— Aim of the task —
Return only the stretch of the material below that begins with the line containing "Logitech ERGO K860" and ends with the line containing "week starting 9/29/2025", exactly; both of those lines belong to it.
--- Exercise data ---
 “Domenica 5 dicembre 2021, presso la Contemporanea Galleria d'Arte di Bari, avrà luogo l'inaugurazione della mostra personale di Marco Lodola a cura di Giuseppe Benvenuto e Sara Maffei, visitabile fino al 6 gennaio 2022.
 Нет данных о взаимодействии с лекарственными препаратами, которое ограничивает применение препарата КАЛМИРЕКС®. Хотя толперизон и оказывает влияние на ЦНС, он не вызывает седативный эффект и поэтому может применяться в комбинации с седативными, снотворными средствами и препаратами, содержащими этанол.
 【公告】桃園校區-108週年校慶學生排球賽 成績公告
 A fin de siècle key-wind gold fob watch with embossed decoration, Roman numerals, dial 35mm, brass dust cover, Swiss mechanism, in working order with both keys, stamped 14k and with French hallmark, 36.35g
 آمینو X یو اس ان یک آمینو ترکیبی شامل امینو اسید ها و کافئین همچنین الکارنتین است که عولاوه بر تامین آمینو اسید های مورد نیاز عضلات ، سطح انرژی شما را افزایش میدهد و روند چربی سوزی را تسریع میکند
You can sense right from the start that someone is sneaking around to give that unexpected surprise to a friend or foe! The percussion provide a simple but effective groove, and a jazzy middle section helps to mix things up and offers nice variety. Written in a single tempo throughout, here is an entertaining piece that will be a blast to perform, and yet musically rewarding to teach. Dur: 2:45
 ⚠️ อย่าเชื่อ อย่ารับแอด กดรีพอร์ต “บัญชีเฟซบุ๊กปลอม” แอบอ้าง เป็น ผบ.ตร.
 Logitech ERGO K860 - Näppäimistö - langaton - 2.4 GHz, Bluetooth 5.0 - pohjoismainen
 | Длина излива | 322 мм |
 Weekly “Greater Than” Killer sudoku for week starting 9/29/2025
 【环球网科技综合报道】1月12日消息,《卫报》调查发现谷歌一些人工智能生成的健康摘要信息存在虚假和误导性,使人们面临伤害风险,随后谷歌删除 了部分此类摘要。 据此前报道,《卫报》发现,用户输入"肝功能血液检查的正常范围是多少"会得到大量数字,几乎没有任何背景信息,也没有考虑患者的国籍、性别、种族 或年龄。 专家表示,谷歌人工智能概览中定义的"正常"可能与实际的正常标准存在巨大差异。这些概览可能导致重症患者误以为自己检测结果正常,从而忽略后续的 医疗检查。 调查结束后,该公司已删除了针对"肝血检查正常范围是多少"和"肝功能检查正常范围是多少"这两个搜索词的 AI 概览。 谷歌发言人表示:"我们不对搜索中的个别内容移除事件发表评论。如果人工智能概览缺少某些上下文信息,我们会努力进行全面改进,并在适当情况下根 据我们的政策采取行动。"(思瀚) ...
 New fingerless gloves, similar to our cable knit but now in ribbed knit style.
---
--- Exercise data ---
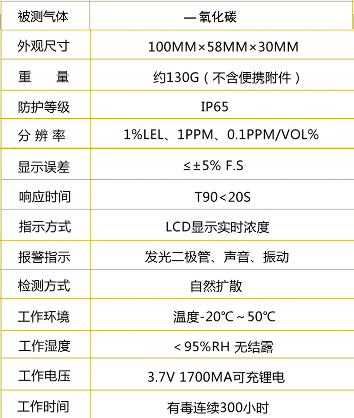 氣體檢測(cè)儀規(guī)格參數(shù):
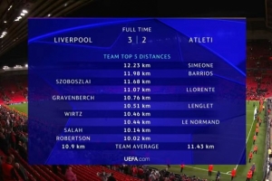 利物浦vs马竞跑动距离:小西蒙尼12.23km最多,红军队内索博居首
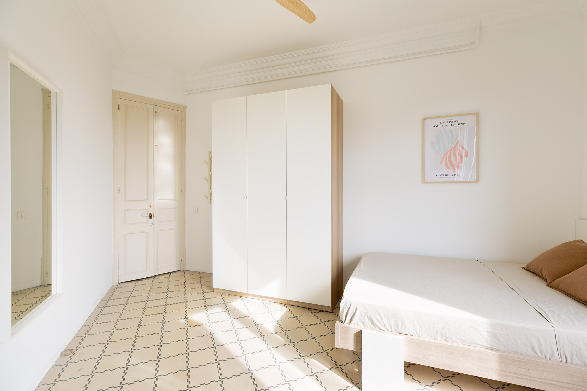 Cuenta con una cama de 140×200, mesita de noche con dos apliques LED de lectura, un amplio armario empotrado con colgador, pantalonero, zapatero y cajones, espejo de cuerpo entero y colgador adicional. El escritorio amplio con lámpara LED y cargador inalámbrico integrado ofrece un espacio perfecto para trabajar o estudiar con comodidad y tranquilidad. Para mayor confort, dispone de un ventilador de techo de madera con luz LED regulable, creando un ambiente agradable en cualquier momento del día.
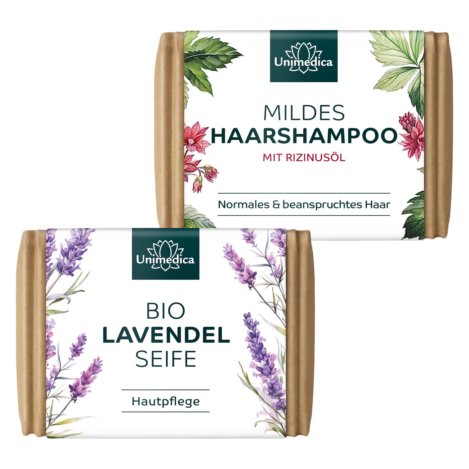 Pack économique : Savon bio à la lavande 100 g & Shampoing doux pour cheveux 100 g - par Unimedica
---
--- Exercise data ---
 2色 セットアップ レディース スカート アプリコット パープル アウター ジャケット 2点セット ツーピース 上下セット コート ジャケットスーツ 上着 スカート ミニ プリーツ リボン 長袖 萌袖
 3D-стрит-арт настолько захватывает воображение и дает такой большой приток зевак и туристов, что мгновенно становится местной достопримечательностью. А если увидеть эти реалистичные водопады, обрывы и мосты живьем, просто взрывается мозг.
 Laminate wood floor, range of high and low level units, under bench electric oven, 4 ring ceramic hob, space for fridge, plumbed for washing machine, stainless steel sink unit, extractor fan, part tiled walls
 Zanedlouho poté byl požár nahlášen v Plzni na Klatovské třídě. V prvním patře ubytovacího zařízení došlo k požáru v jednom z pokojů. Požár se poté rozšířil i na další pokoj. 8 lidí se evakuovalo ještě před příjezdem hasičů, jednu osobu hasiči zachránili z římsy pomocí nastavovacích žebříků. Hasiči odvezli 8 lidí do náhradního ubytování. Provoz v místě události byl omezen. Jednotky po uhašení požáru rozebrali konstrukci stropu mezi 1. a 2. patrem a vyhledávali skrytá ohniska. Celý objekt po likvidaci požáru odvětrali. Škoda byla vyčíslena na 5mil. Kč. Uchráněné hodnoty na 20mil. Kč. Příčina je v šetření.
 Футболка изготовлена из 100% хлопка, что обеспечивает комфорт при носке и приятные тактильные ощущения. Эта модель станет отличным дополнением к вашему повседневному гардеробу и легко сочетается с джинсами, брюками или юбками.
---
— Written solution —
 Logitech ERGO K860 - Näppäimistö - langaton - 2.4 GHz, Bluetooth 5.0 - pohjoismainen
 | Длина излива | 322 мм |
 Weekly “Greater Than” Killer sudoku for week starting 9/29/2025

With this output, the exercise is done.